Record excerpts: Begin

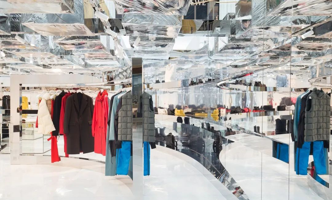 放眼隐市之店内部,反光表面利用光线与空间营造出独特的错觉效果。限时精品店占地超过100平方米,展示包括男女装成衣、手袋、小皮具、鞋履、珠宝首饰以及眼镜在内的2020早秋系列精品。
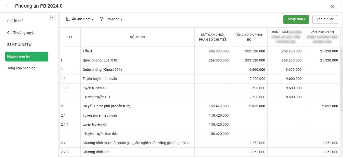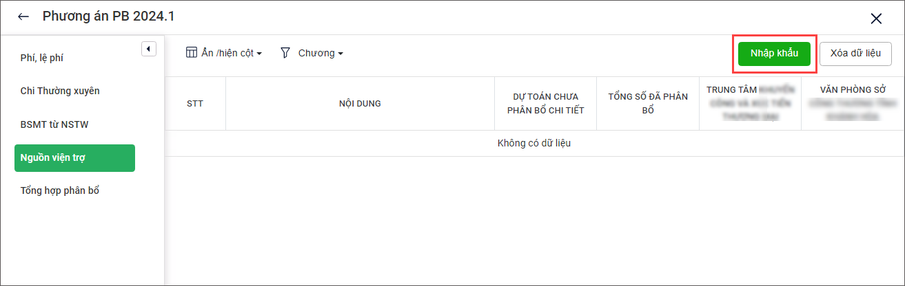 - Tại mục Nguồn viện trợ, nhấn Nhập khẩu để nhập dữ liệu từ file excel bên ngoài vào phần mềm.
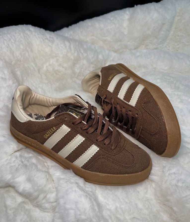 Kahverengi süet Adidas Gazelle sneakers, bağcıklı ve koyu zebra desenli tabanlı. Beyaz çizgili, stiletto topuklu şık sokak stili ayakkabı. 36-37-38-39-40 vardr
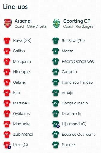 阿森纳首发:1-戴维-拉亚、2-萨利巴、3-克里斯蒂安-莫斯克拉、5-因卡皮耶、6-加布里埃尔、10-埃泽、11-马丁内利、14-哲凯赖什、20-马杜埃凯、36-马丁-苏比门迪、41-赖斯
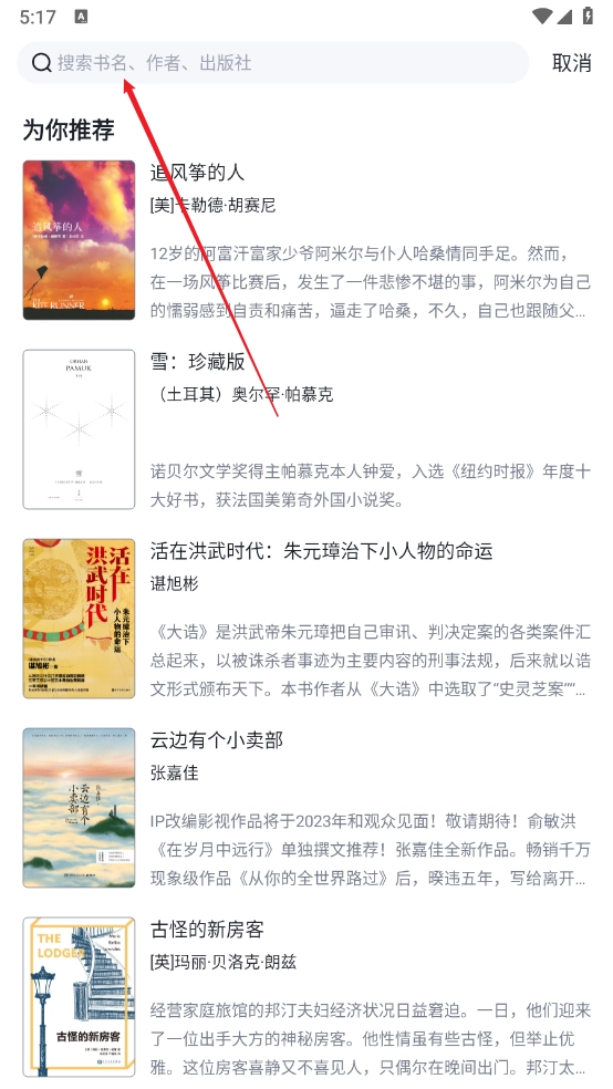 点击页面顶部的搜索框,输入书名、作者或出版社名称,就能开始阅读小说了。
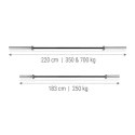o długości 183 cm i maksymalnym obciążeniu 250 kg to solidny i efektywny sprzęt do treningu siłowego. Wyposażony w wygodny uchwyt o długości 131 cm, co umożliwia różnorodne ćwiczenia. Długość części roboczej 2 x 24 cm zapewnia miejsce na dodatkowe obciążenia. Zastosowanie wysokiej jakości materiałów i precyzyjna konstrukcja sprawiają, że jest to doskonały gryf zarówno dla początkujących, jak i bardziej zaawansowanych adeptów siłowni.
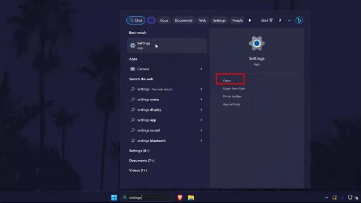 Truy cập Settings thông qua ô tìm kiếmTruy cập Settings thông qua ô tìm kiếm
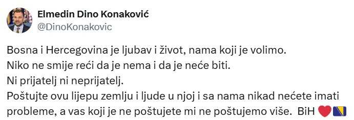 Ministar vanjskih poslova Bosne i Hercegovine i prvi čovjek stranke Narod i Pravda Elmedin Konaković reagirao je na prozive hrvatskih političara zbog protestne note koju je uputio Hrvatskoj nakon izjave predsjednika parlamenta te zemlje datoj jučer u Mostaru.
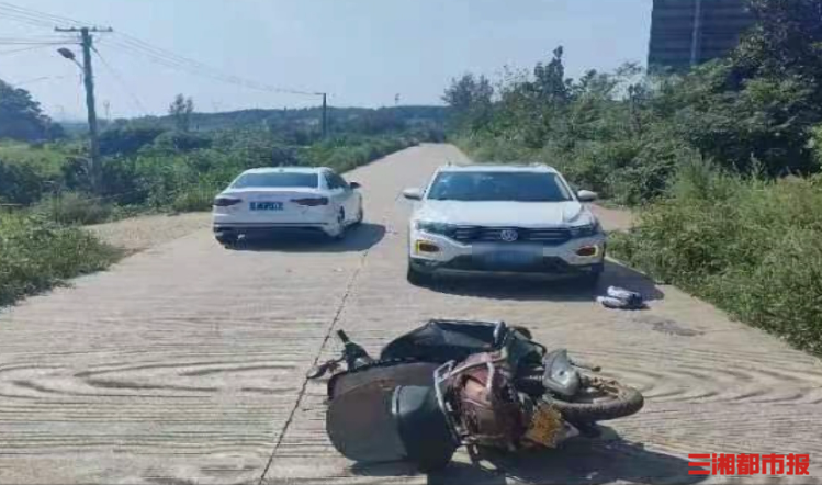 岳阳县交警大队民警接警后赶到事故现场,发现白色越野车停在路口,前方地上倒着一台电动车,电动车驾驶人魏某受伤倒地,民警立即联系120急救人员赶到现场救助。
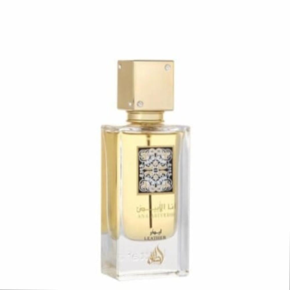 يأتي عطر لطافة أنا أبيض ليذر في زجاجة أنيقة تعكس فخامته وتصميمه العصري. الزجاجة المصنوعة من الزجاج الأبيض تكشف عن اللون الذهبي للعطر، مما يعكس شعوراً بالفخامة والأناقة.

Record excerpts: End
Record excerpts: Begin

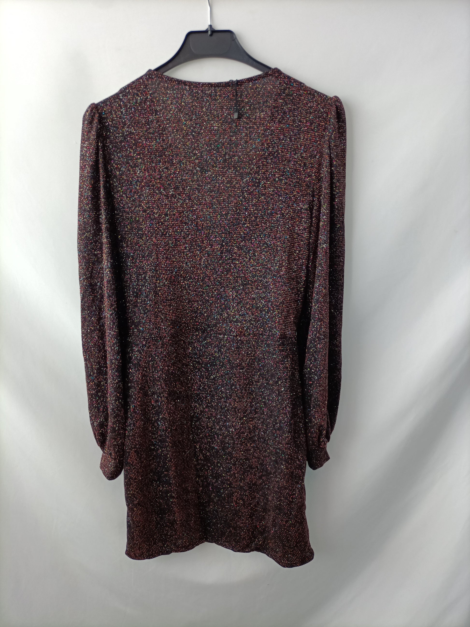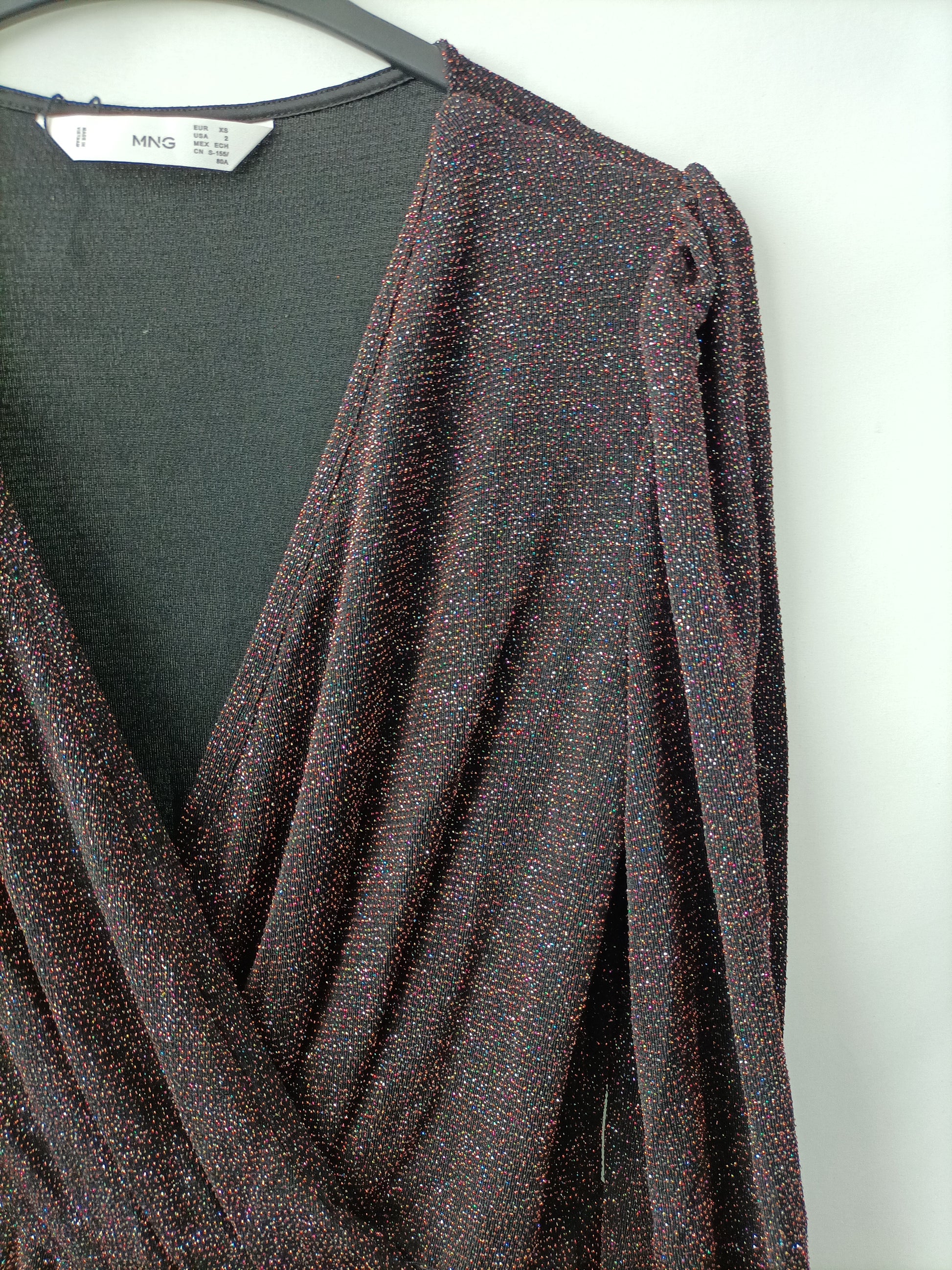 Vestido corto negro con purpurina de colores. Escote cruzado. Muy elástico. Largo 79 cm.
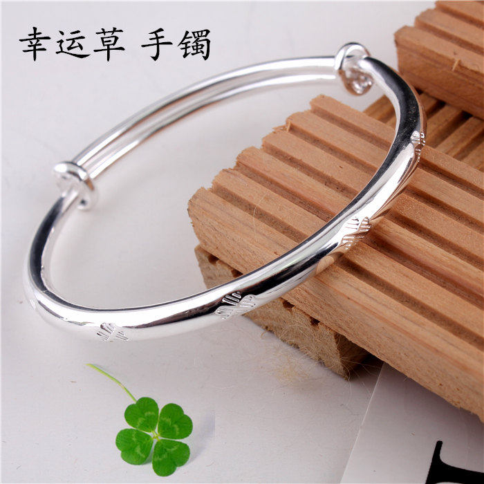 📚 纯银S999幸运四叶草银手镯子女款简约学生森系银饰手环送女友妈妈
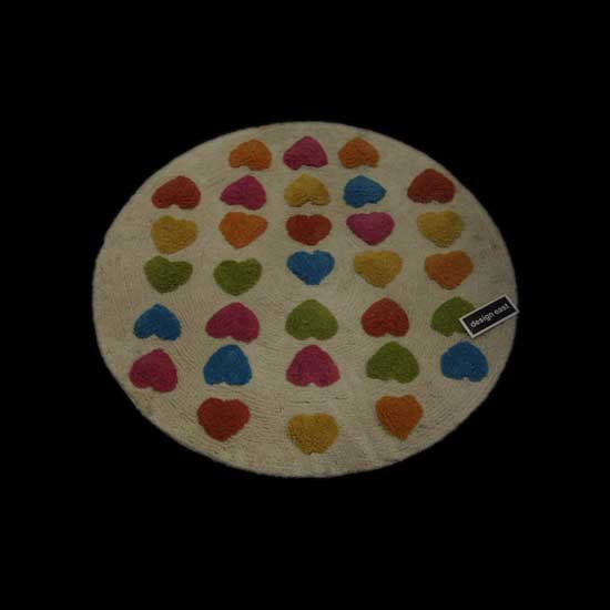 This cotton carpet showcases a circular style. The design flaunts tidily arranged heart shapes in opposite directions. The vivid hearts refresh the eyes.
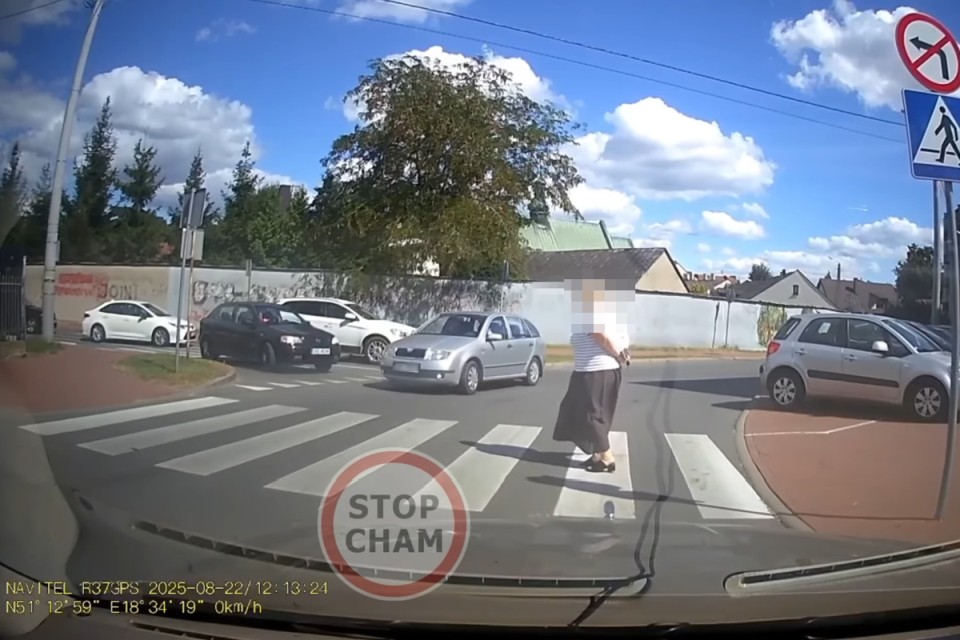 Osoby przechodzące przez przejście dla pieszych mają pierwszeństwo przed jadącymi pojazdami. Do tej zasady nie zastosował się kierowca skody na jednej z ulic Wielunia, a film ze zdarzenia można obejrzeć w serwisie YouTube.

Record excerpts: End

* _Work order_: Using the records above, return verbatim only the part that opens with the line containing "This cotton carpet" and closes with the line containing "Osoby przechodzące przez"; pictures stay out.

* _Written solution_:
 This cotton carpet showcases a circular style. The design flaunts tidily arranged heart shapes in opposite directions. The vivid hearts refresh the eyes.
 Osoby przechodzące przez przejście dla pieszych mają pierwszeństwo przed jadącymi pojazdami. Do tej zasady nie zastosował się kierowca skody na jednej z ulic Wielunia, a film ze zdarzenia można obejrzeć w serwisie YouTube.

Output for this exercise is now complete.